Bangladesh ranked 110th happiest country

Prothom Alo English | Update:

Bangladesh has been ranked as the 110th happiest country among 155 countries in a new report released Monday.  

Norway in the report replaced Denmark as the world's happiest country.

The Nordic nations are the most content, according to the World Happiness Report 2017 produced by the Sustainable Development Solutions Network (SDSN), a global initiative launched by the United Nations.

Countries in sub-Saharan Africa, along with Syria and Yemen, are the least happy of the 155 countries ranked in the fifth annual report released at the United Nations.

"Happy countries are the ones that have a healthy balance of prosperity, as conventionally measured, and social capital, meaning a high degree of trust in a society, low inequality and confidence in government," Jeffrey Sachs, the director of the SDSN and a special advisor to the United Nations Secretary-General, said in an interview.

The aim of the report, he added, is to provide another tool for governments, business and civil society to help their countries find a better way to wellbeing.

Denmark, Iceland, Switzerland, Finland, Netherlands, Canada, New Zealand, Australia and Sweden rounded out the top ten countries.

South Sudan, Liberia, Guinea, Togo, Rwanda, Tanzania, Burundi and the Central African Republic were at the bottom.

Germany was ranked 16, followed by the United Kingdom (19) and France (31). The United States dropped one spot to 14.

Sachs said the United States is falling in the ranking due to inequality, distrust and corruption. Economic measures that the administration of President Donald Trump is trying to pursue, he added, will make things worse.

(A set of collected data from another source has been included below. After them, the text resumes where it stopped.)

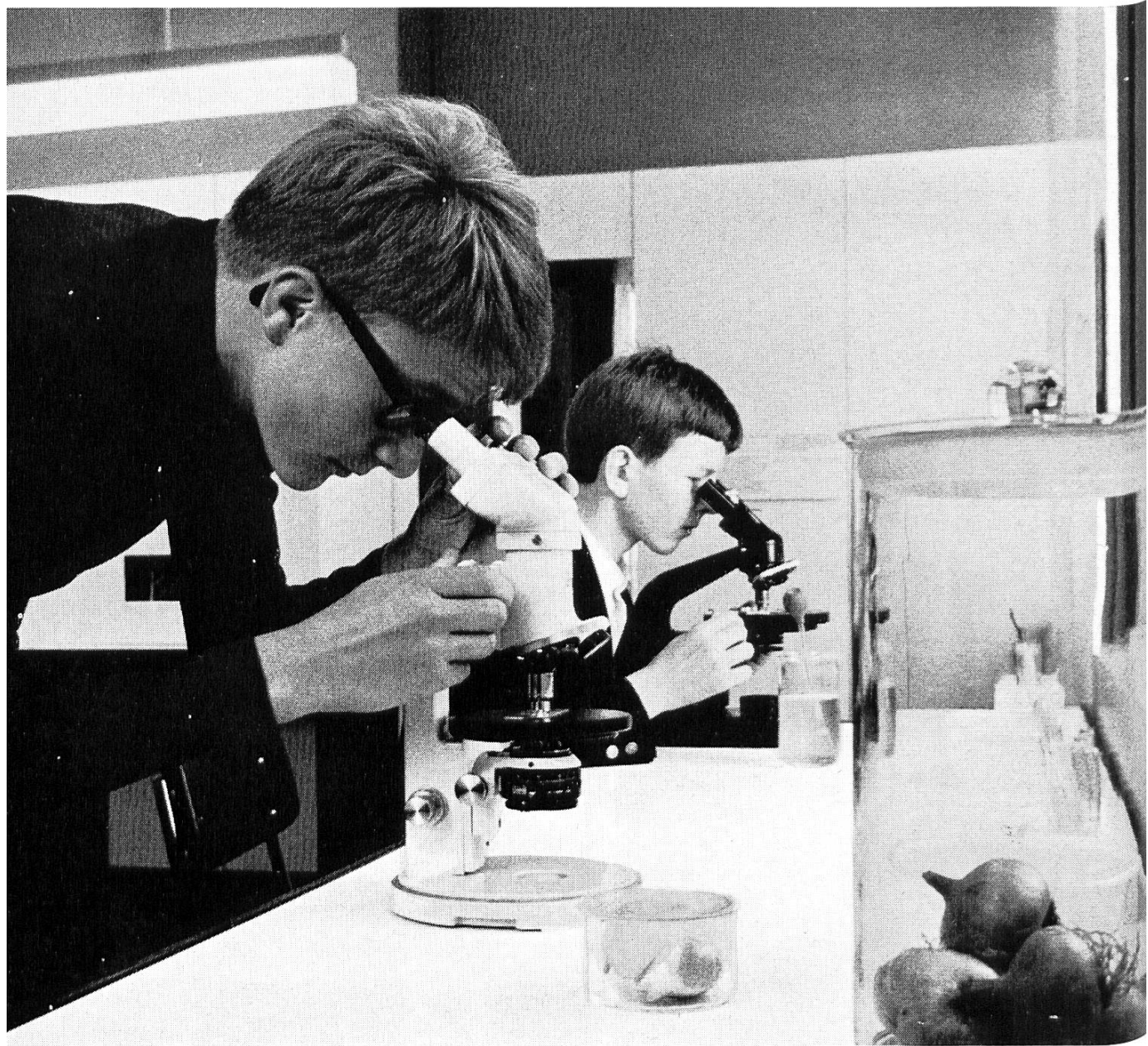
Jugendlabor Zwiebelblätter werden unter dem Mikroskop untersucht
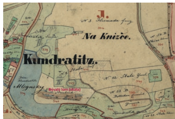
Mapa stabilního katastru z roku 1841

Název ulice je odvozen od polohy u nedalekého rybníka. Ulice dostala svůj název v roce 2007. Část ulice byla v roce 2011 přejmenována K Chodovu.
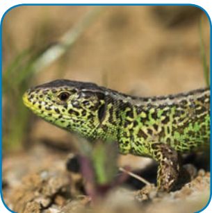
Markfirbenet lever på solrige sandede skrænter få steder i kommunen.
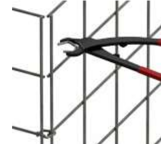
dezenete Optik Spezialzange notwendig Preis für Zange 50,42€

Folgende Optionen sind gegen Mehrpreis ebenfalls möglich:
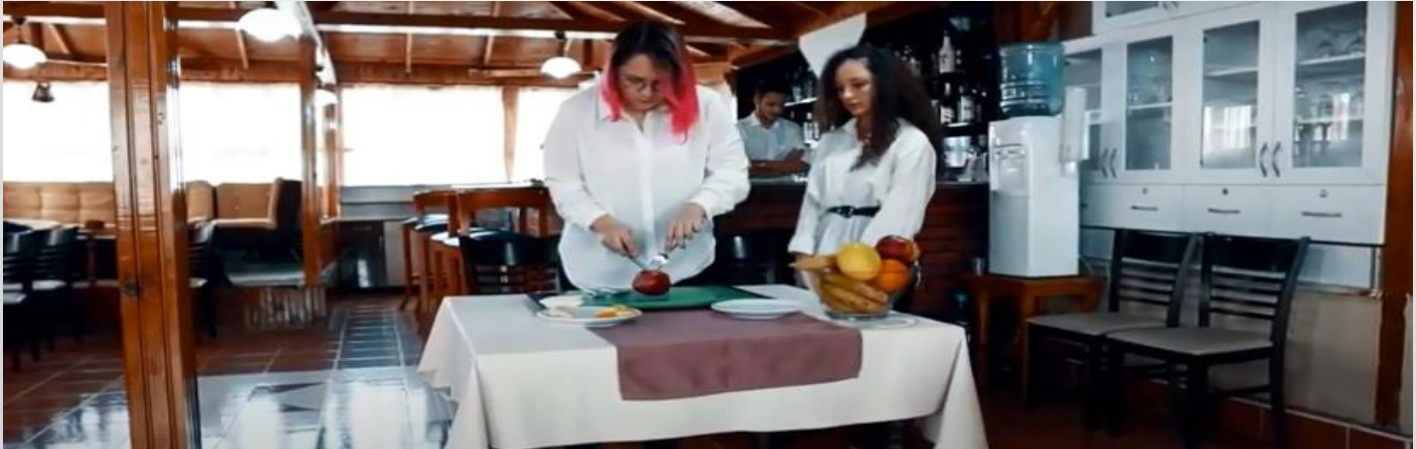
(Servis Uygulama Atölyesi)
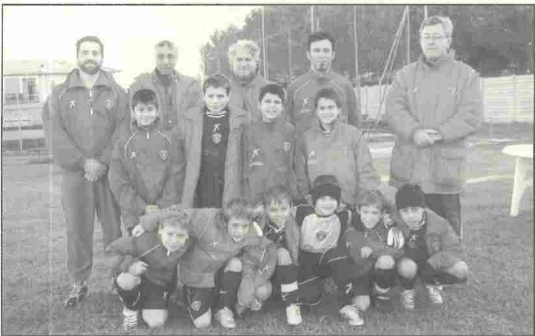
Piccoli Amici - classe 1997

La Polisportiva Nevilio Casarosa augura a tutti Buone feste e Felice Anno Nuovo, in particolare ai propri ragazzi e ragazze iscritti che sono invitati con i loro genitori alla festa di Venerdì 23 Dicembre alle ore 21:00 alla Discoteca Freedom.
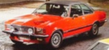
Ab 10 000 Euro
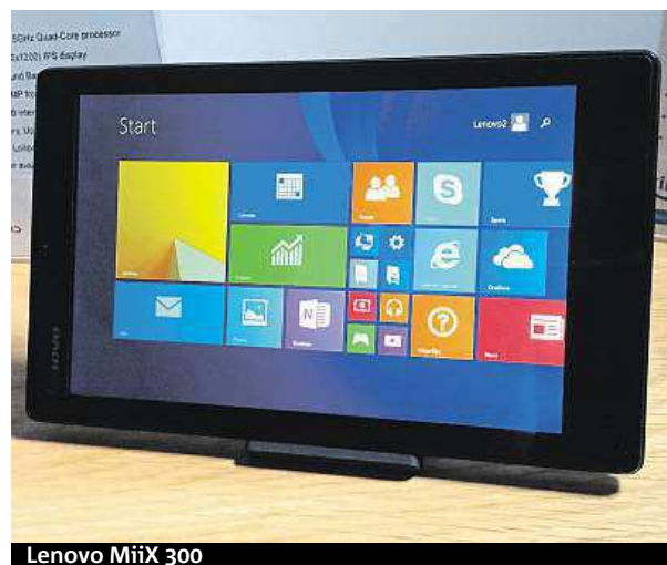
Lenovo MiiX 300

dů disponují vyšším výpočetním výkonem, větším úložným prostorem pro data a především plnohodnotnou hardwareovou klávesnicí, kterou ocení všichni prací povinní uživatelé. Tyto problémy však odpadají ve chvíli, kdy se rozhodnete pro vychytané zařízení 2v1 Lenovo MiiX 300. To v sobě snoubí výhody obou zařízení, a můžete se tak sami rozhodnout, která ze dvou variant použít pro vás bude právě v dané situaci výhodnější. Chcete se spíše bavit a konzumovat obsah? Sáhnete po tabletu s dotykovým 10.1" IPS displejem. Ten je navíc vybaven i dvojicí fotoaparátů o rozlišení 5 a 2 megapixely. Potřebujete více tvořit, napsat delší text, zkrátka neomezeně pracovat? Připojte tablet do dokovací stanice s klávesnicí a získáte výkonný notebook poháněný čtyřjadrovým procesorem Intel Atom. V obou režimech si můžete užít výhod systému Windows 10 a nejpoužívanější kancelářské sady MS Office.

"They are all aimed at increasing inequality – tax cuts at the top, throwing people off the healthcare rolls, cutting Meals on Wheels in order to raise military spending. I think everything that has been proposed goes in the wrong direction," he explained.

The rankings are based on six factors -- per capita gross domestic product, healthy life expectancy, freedom, generosity, social support and absence of corruption in government or business.

The World Happiness Report 2017 was released by the United Nations on the International Day of Happiness. It is the fifth such report since the first was published in 2012.

“Since then we have come a long way. Happiness is increasingly considered the proper measure of social progress and the goal of public policy,” the report said.

While the 10 countries at the top remained the same as in a 2016 update, those in the bottom 10, which had the lowest life evaluations, showed greater variation.

The Central African Republic, which returned to the surveyed group, came in dead last at 155, with Burundi and Tanzania doing only slightly better.